SAN FRANCISCO — Volcanic activity in modern-day India, not an asteroid, may have killed the dinosaurs, according to a new study.
Tens of thousands of years of lava flow from the Deccan Traps, a volcanic region near Mumbai in present-day India, may have spewed poisonous levels of sulfur and carbon dioxide into the atmosphere and caused the mass extinction through the resulting global warming and ocean acidification, the research suggests.
The findings, presented Wednesday (Dec. 5) here at the annual meeting of the American Geophysical Union, are the latest volley in an ongoing debate over whether an asteroid or volcanism killed off the dinosaurs about 65 million years ago in the mass die-off known as the K-T extinction.
"Our new information calls for a reassessment of what really caused the K-T mass extinction," said Gerta Keller, a geologist at Princeton University who conducted the study.
For several years, Keller has argued that volcanic activity killed the dinosaurs.
But proponents of the Alvarez hypothesis argue that a giant meteorite impact at Chicxulub, Mexico, around 65 million years ago released toxic amounts of dust and gas into the atmosphere, blocking out the sun to cause widespread cooling, choking the dinosaurs and poisoning sea life.
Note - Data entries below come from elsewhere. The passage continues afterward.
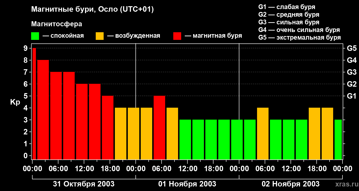 Изменения геомагнитного индекса Kp с 31 октября по 2 ноября 2003 года для средних широт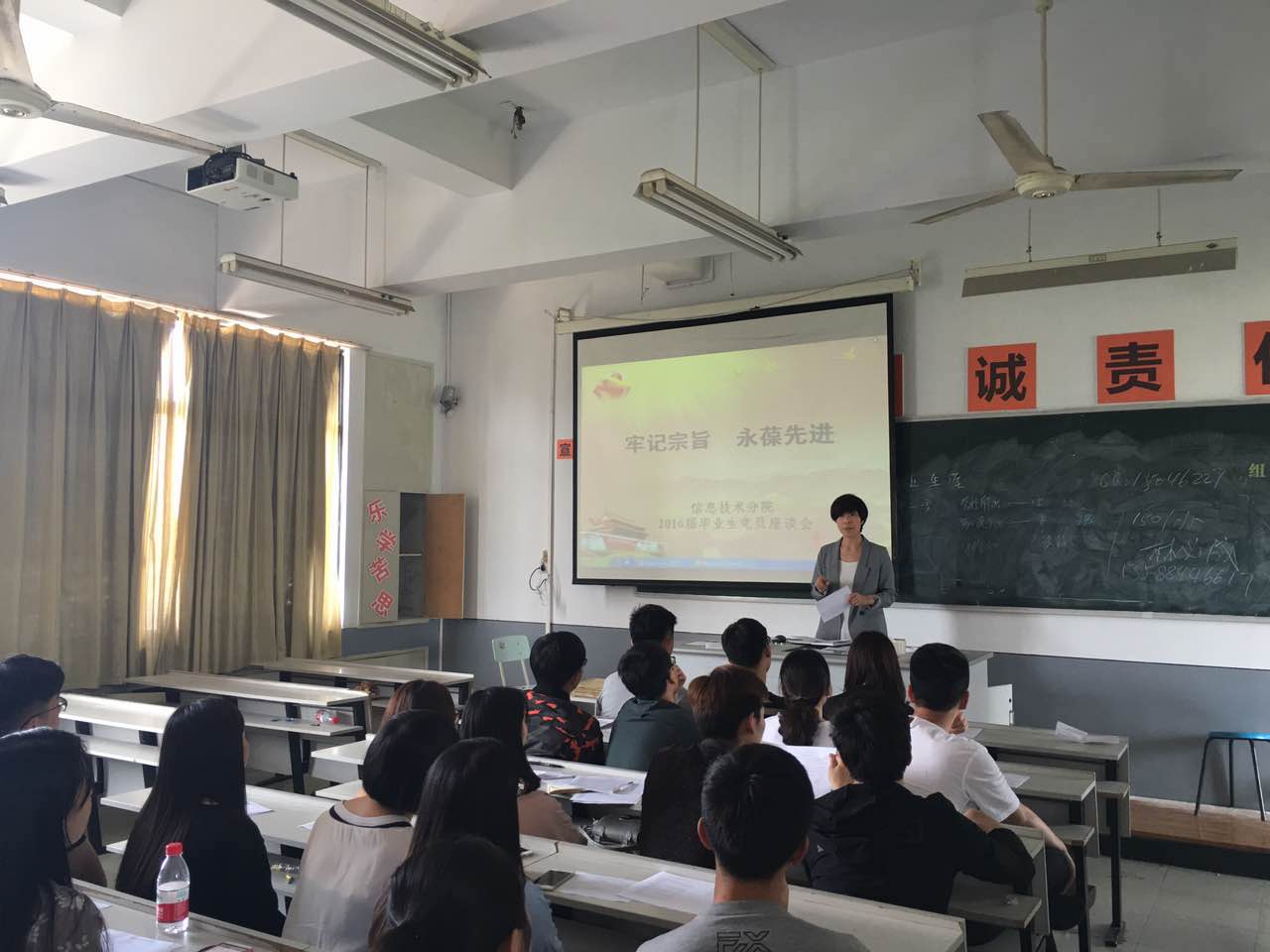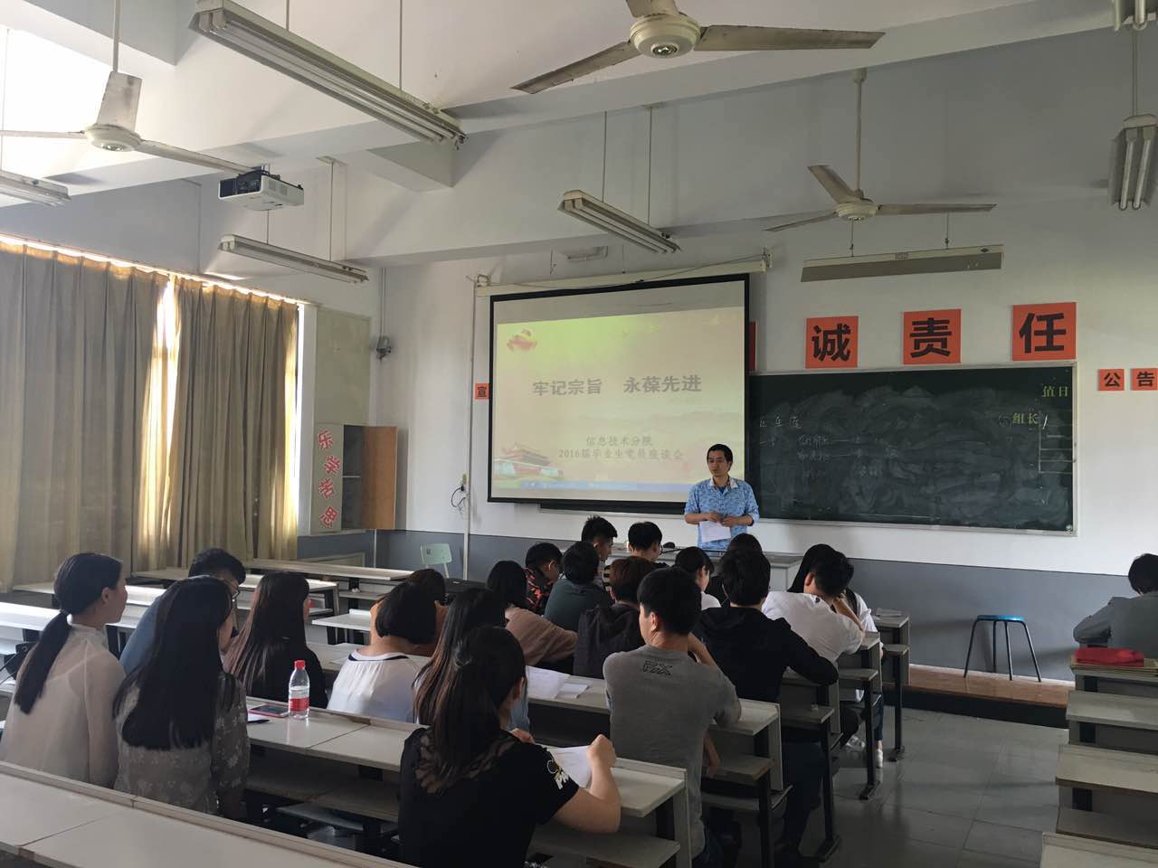 2016年5月17日中午,信息技术分院党总支在1505教室召开了主题为“牢记宗旨,永葆先进”的毕业生党员座谈会,党总支副书记罗妮娜,支部书记蒋玥、傅晶瑶,组织员林必成,以及分院2016届全体毕业生党员参加了座谈会。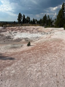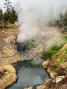 When we observed the paint pots this past trip, we had rain earlier in the day. As a result, we were able to see the mud pots in two different stages. There was one pot which had a drier texture and thicker mud flinging into the air. Next to that pot, another one had much looser mud, which looked almost as if it was boiling. Artist Paint Pots is definitely worthy of a stop on your Yellowstone geothermal tour.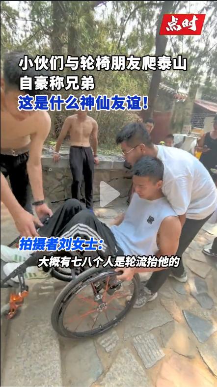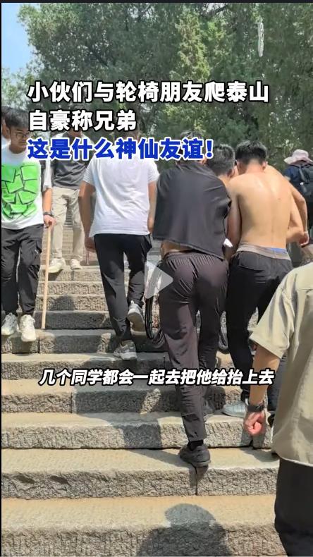 这才是兄弟!山东泰安,一女人爬泰山,累的双腿发颤,突然,身后传来一阵惊呼,扭头一瞧,只见4个壮小伙抬着一个轮椅,上面坐着一位男子,正常爬都累的够呛,更别提抬轮椅了!女子不解:“你们是朋友吗?”岂料,小伙子们的回答感动了在场所有人。 (信息来源:点时新闻《7月11日,山东泰安,几位小伙伴带轮椅朋友爬泰山,并自豪称“我们是兄弟!”》) 人生在世,最惬意的莫过于有几个知根知底的好兄弟! 三年前,马先生遭遇了一场意外,事后被迫坐上轮椅,那段日子,他度日如年。原来,他从小就是位登山爱好者,梦想就是和兄弟们走遍祖国的大好河山,在峰顶俯瞰人间,享受自然的美好。只可惜,这一切全都随着双腿残缺戛然而止了。 没成想,就在此时,一群熟悉的身影出现了。听到马先生出事后,兄弟们连夜购买了装备,制定了爬山计划,哪怕用手抬,也要帮朋友实现心中的夙愿。 “不为别的,谁让咱们是兄弟呢!”对于好哥们的解释,马先生以热泪作为回应。 当天,一行人来到了泰山脚下,抬头眺望其巍峨的景观,不禁被蜿蜒陡峭的台阶所震撼。尤其是,高耸入云的“南天门”,仿佛建在云彩里。 尽管前路艰难,充满挑战,但众人并未被吓倒,他们微笑着抬起好兄弟,大踏步开始攀登。很快,他们的模样引起了路人的注意,有人掏出手机开始拍照,还有人在低声窃语。 随着台阶越来越抖,大伙肩上的重量已经突破了极限,达到了200多斤。但他们并未停歇,而是咬牙继续。衣襟湿透,额头渗出汗珠,互相勉励,继续攀爬。只因为心里装着兄弟,装着一辈子的友谊,给个金山都不换! 很快,旁边的游客被他们的情谊打动了,纷纷让出路,开始加油鼓劲。还有的,在身后大声呼喊:“好样的,小伙子们,真棒!” 台阶一层接一层的被征服,远处的南天门也越来越近,此时,距离上山已经过去了足足6个小时。轮椅上的马先生早已泪流满面,他激动的眺望着远方的景色,脑海中回忆着和兄弟们相处的点点滴滴。 终于,抵达终点了!当马先生被搀扶着站在最后的台阶上时,心里瞬间燃起了对未来的憧憬,连日来的阴云一扫而空。这一刻,兄弟八人开怀大笑,在这泰山顶上,享受着成功的喜悦,见证着几人的友谊创造了奇迹! 未来,他们还将一同游遍大江南北,看尽祖国的壮丽山河,虽然马先生腿脚不便,可只要有兄弟四个在,一切都不是问题。好兄弟,就是在关键时刻,愿意做你的拐杖,为你撑起那片即将塌下的天! 和万古长存的友谊相比,即便是雄浑的泰山也有些渺小,希望五兄弟的情谊能感动更多的人,激励我们重新去拾回丢失的宝贵记忆!

The meteorite may impact may also have set off volcanic activity, earthquakes and tsunamis. [Wipe Out: History's Most Mysterious Extinctions]
The new research "really demonstrates that we have Deccan Traps just before the mass extinction, and that may contribute partially or totally to the mass extinction," said Eric Font, a geologist at the University of Lisbon in Portugal, who was not involved in the research.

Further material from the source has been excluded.